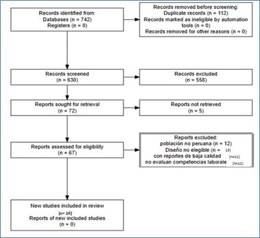 Los registros recuperados se consolidaron y se eliminaron los duplicados antes del cribado. El proceso de selección se desarrolló en dos etapas: lectura de título y resumen, seguida de evaluación del texto completo para verificar elegibilidad. Los recuentos se consignaron en el diagrama PRISMA: se identificaron 742 registros en bases de datos; tras retirar 112 duplicados, se cribaron 630; se excluyeron 558 por título/resumen; se solicitaron 72 informes a texto completo, de los cuales 5 no se recuperaron; se evaluaron 67 informes y se excluyeron 47 con las razones detalladas; se incluyeron 20 estudios en la síntesis cualitativa. Así lo muestra la figura 1.
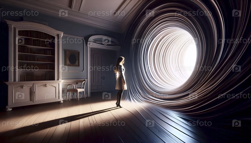 Женщина как эпицентр пространственного искажения, Ai создал изображение
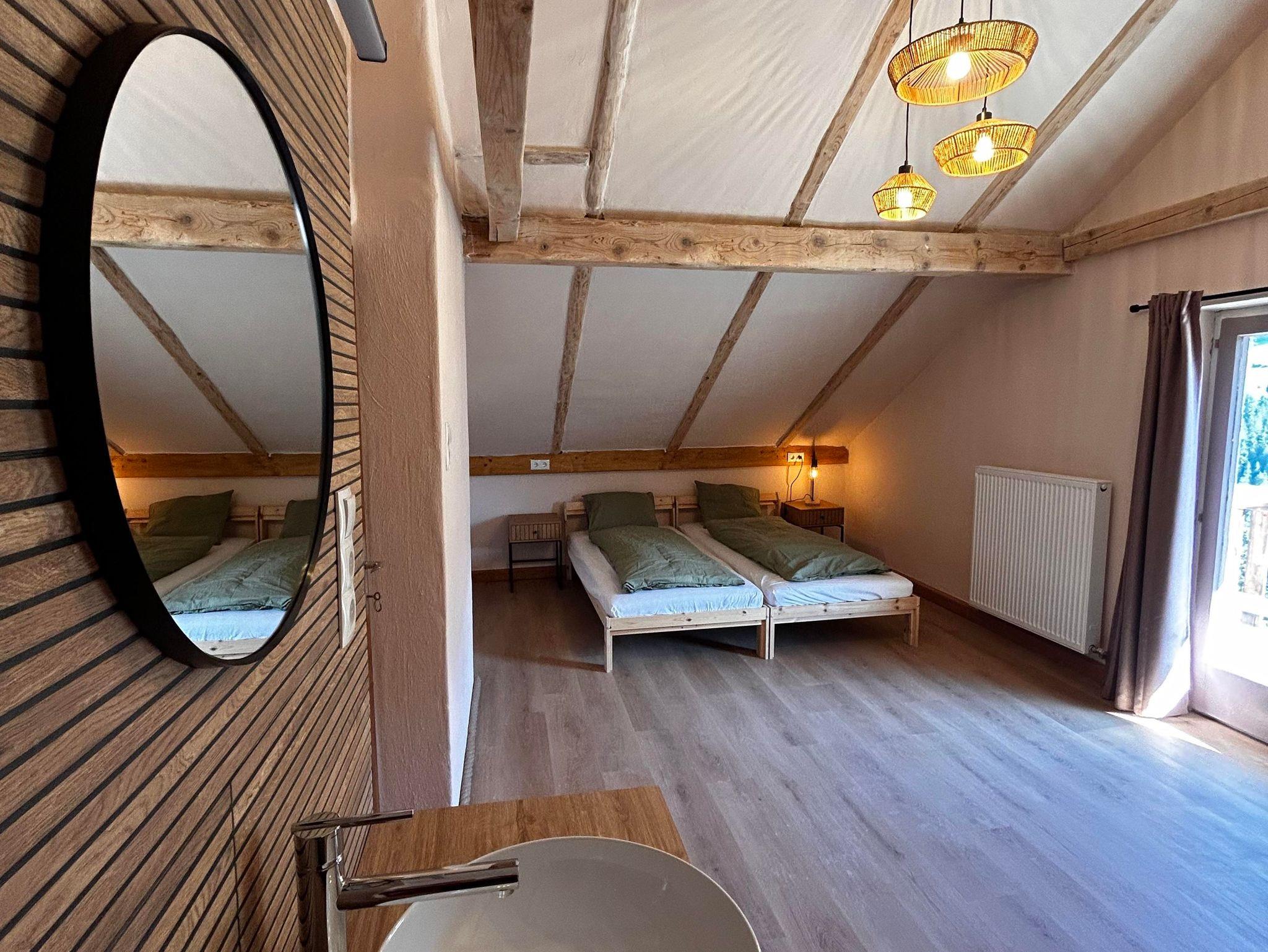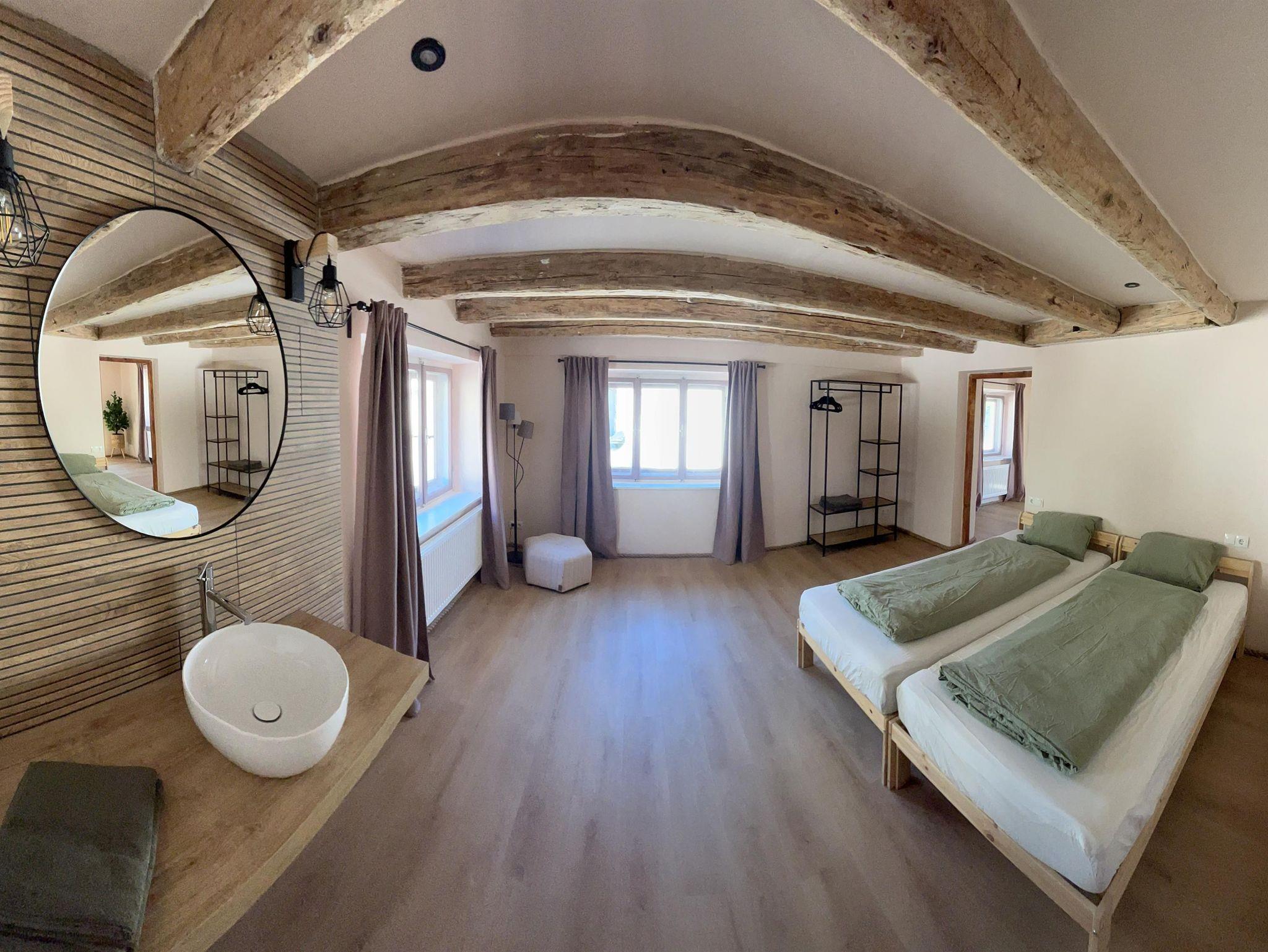 Willkommen in meinem liebevoll gestalteten Haus in Arzl. Platz für bis zu 10 Gäste: fünf Zimmer (vier mit Balkon & Panoramablick), alle als Doppelbett oder zwei Einzelbetten buchbar; Baby- oder Zusatzbett auf Wunsch. In jedem Zimmer ein eigenes Waschbecken. Herzstück ist die große Wohnküche mit amerikanischem Kühlschrank, 5-Platten-Herd, großem Ofen und Esstisch für 10; daneben eine gemütliche Sitzecke mit Holzofen. Im Erdgeschoss: Duschbereich mit drei Kabinen und zwei Waschbecken. WCs: zwei im Untergeschoss bei der Wohnküche, eines im Obergeschoss bei den Schlafzimmern. Waschraum auf Anfrage. Highlight ist der große Garten – ideal für deine Gruppe, um zusammenzukommen und den Tag ausklingen zu lassen.
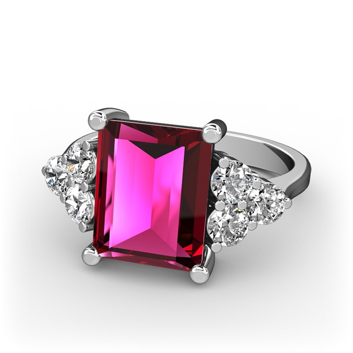 Rodolit garnet ve pırlanta 18 ayar beyaz altın yüzük (0.48 karat)

What you should do
Restate exactly, and only, the lines from the one that holds "Willkommen in meinem" down to the last line of the material above. Omit the pictures.

Task answer
 Willkommen in meinem liebevoll gestalteten Haus in Arzl. Platz für bis zu 10 Gäste: fünf Zimmer (vier mit Balkon & Panoramablick), alle als Doppelbett oder zwei Einzelbetten buchbar; Baby- oder Zusatzbett auf Wunsch. In jedem Zimmer ein eigenes Waschbecken. Herzstück ist die große Wohnküche mit amerikanischem Kühlschrank, 5-Platten-Herd, großem Ofen und Esstisch für 10; daneben eine gemütliche Sitzecke mit Holzofen. Im Erdgeschoss: Duschbereich mit drei Kabinen und zwei Waschbecken. WCs: zwei im Untergeschoss bei der Wohnküche, eines im Obergeschoss bei den Schlafzimmern. Waschraum auf Anfrage. Highlight ist der große Garten – ideal für deine Gruppe, um zusammenzukommen und den Tag ausklingen zu lassen.
 Rodolit garnet ve pırlanta 18 ayar beyaz altın yüzük (0.48 karat)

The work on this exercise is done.